WORK REQUIRED: Lower down are entries containing pictures. Copy exactly, without those pictures, the lines from the line with "Memoirs of Geisha podle" through the line with "B’~Dに平勾配を引き渡し茅".
RECORDS FOR THE TASK START
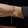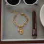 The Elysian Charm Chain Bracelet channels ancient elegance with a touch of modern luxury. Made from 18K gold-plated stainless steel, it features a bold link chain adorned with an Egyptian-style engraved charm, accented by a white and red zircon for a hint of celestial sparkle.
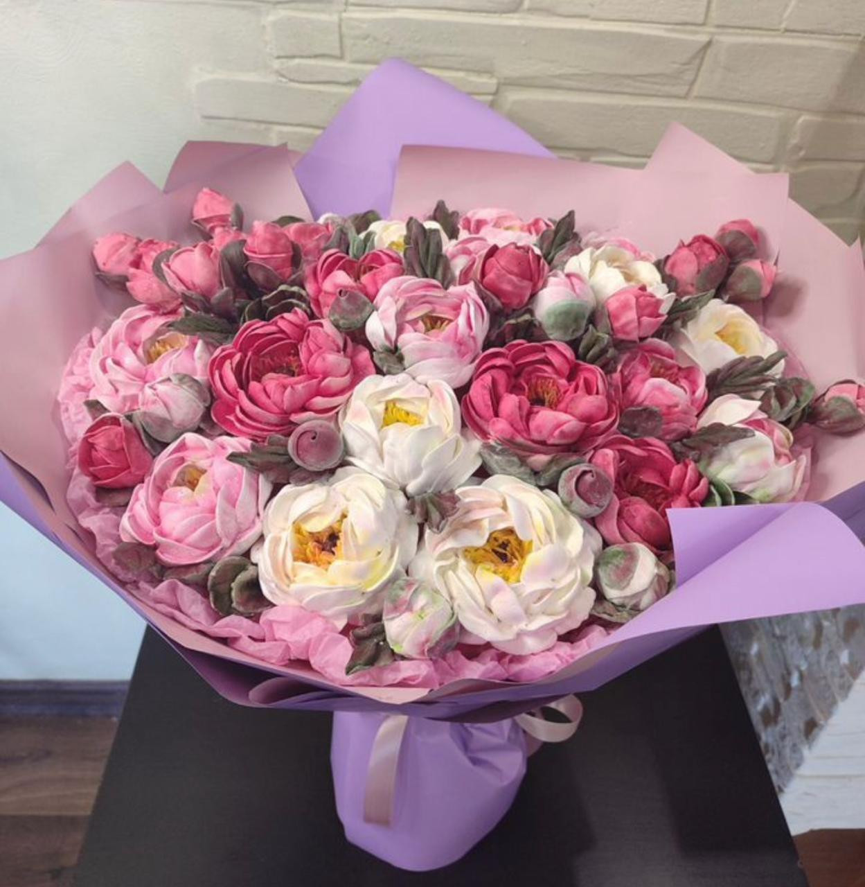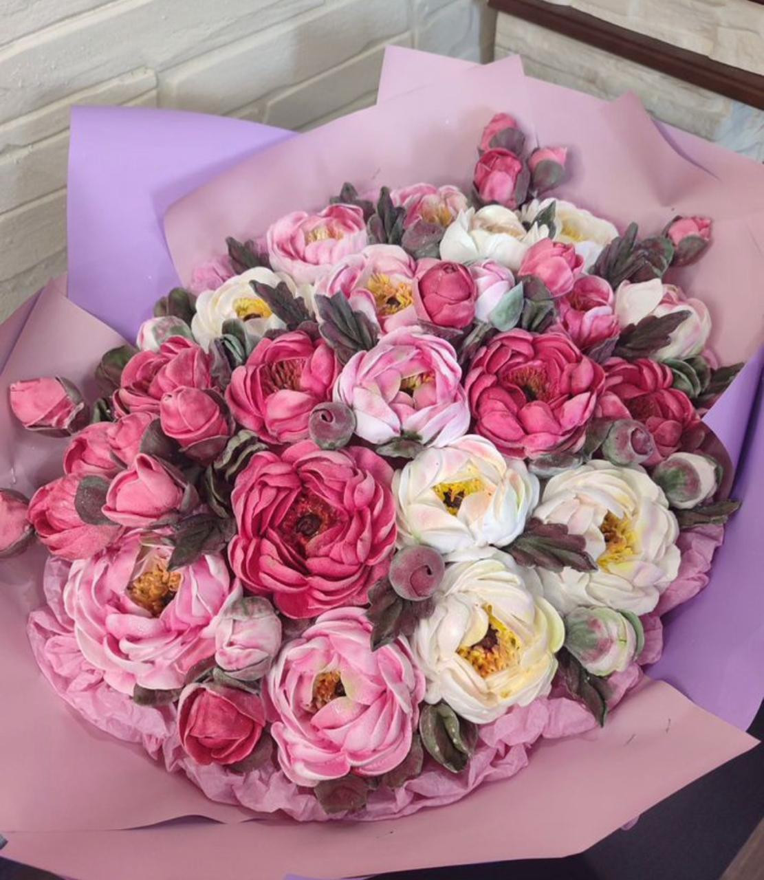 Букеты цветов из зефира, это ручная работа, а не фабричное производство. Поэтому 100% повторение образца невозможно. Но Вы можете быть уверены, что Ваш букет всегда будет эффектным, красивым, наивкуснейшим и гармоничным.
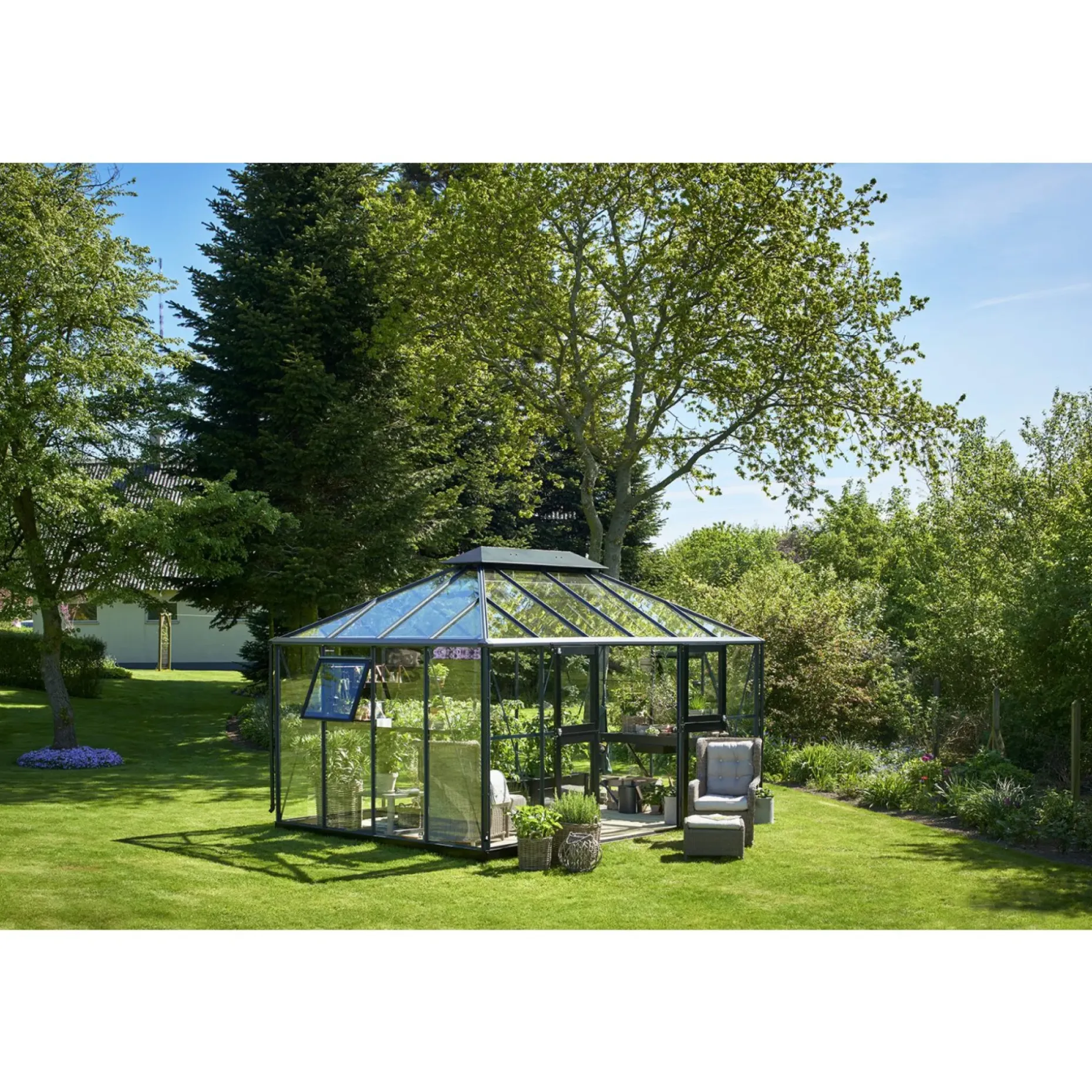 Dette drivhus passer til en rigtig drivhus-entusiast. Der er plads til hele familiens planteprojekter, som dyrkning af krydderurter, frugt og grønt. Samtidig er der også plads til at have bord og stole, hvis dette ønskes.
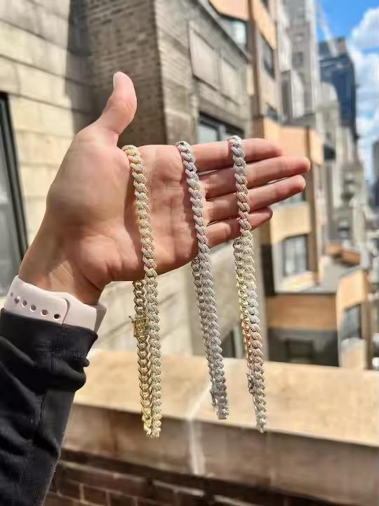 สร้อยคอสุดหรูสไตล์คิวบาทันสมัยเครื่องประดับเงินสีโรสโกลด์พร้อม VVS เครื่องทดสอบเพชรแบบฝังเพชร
RECORDS FOR THE TASK END
RECORDS FOR THE TASK START
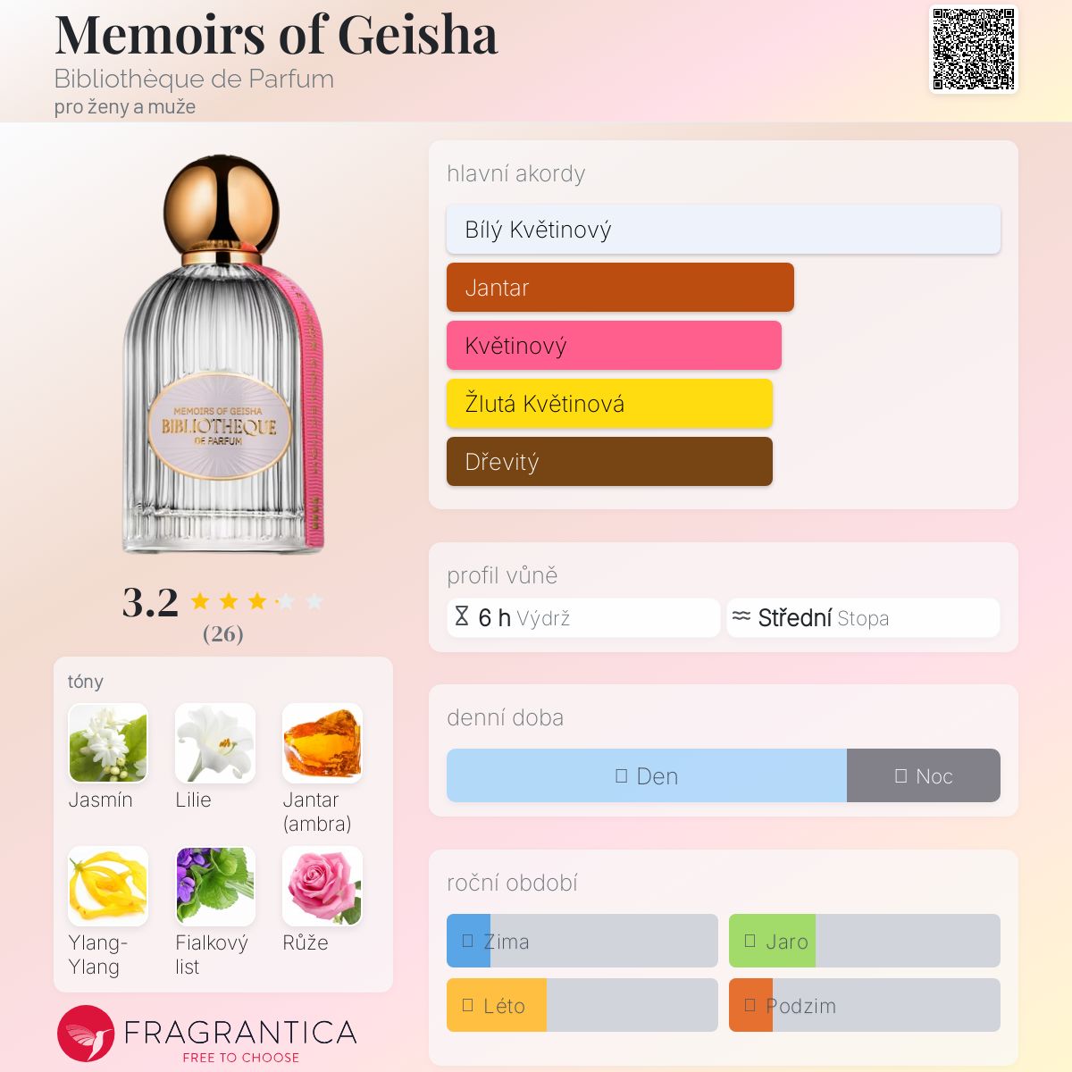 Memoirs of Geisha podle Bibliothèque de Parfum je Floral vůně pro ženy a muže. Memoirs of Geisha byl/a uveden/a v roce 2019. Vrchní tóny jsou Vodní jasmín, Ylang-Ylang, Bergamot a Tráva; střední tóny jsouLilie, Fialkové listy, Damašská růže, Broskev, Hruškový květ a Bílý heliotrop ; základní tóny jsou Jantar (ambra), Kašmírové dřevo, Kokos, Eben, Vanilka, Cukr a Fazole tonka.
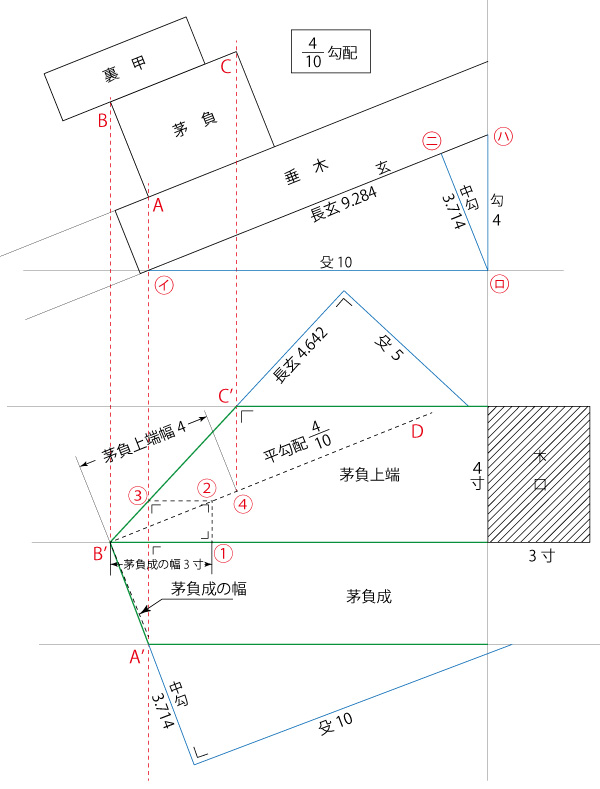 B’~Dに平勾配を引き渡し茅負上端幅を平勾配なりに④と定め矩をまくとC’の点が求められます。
RECORDS FOR THE TASK END
RESULT:
 Memoirs of Geisha podle Bibliothèque de Parfum je Floral vůně pro ženy a muže. Memoirs of Geisha byl/a uveden/a v roce 2019. Vrchní tóny jsou Vodní jasmín, Ylang-Ylang, Bergamot a Tráva; střední tóny jsouLilie, Fialkové listy, Damašská růže, Broskev, Hruškový květ a Bílý heliotrop ; základní tóny jsou Jantar (ambra), Kašmírové dřevo, Kokos, Eben, Vanilka, Cukr a Fazole tonka.
 B’~Dに平勾配を引き渡し茅負上端幅を平勾配なりに④と定め矩をまくとC’の点が求められます。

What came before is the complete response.